Cambridge-based PhoreMost said it will use its next-generation phenotypic screening platform Siteseeker to identify novel targets for Otsuka’s therapeutics discovery programmes.

Novel targets identified will be further validated and characterised by Otsuka as part of its internal development pipeline, with an initial focus on gene therapy applications of identified targets.

Siteseeker looks at different protein shapes to find functionally active peptides that can be targeted by new therapies.

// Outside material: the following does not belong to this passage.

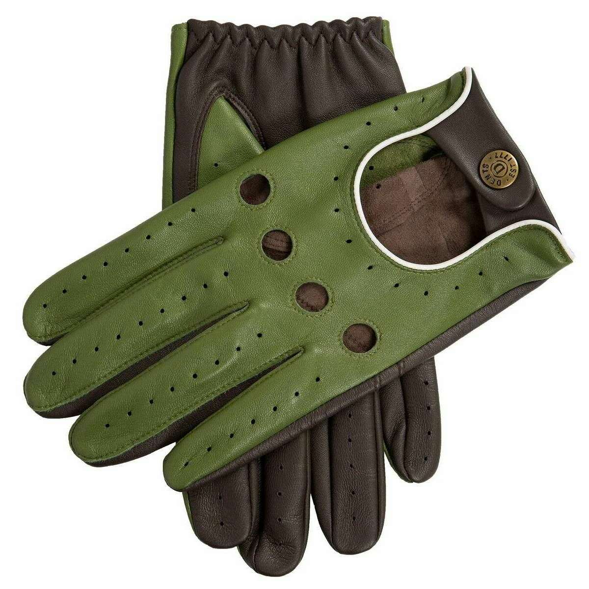 DENTS GRAND PRIX TUCT Screen Cuir Driving Gants - Lincoln Green / Brown / White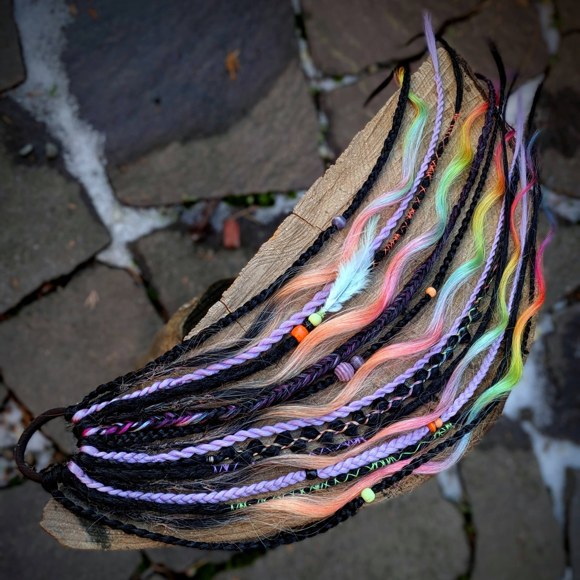 Černá gumička s dohromady 8 copánky různých struktur, 5 dreadovlnkamí a 3 dready v kombinaci černé, lila a duhové. Zdobeno dřevěnými korálky, bavlnkou a pírky. délka 60 cm

The technology looks at the entire proteome – all of the proteins expressed – in a live cell environment looking for druggable targets for a chosen disease.

Financial details of the agreement were not disclosed.

Dr Chris Torrance, CEO of PhoreMost, said: “This collaboration with Otsuka is further recognition of the power of the Siteseeker approach to drive the identification of novel, druggable targets.

“We are particularly excited to be exploring not only small molecule therapeutics but also gene therapy applications of our platform.”

PhoreMost was one of two UK-based companies to receive funding from the government-backed agency Innovate UK to receive funding for small molecule research.

The £1 million funding was announced in 2018, and supported PhoreMost and the immune-oncology firm NeoPhore.

The companies won the funding as part of a competition organised by Innovate UK and funded by the UK’s Biomedical Catalyst.

PhoreMost is also working with India’s Centre for Chemical Biology and Therapeutics, part of the Institute for Stem Cell Science and Regenerative Medicine (inStem).

The project began in July last year and, with funding from the Indian government, aims to create chemical tools that modulate novel classes of drug targets.

InStem is researching the genetic mechanisms of potency, differentiation and proliferation in human pluripotent cells.

It aims to examine diseases that can potentially be treated by stem cells.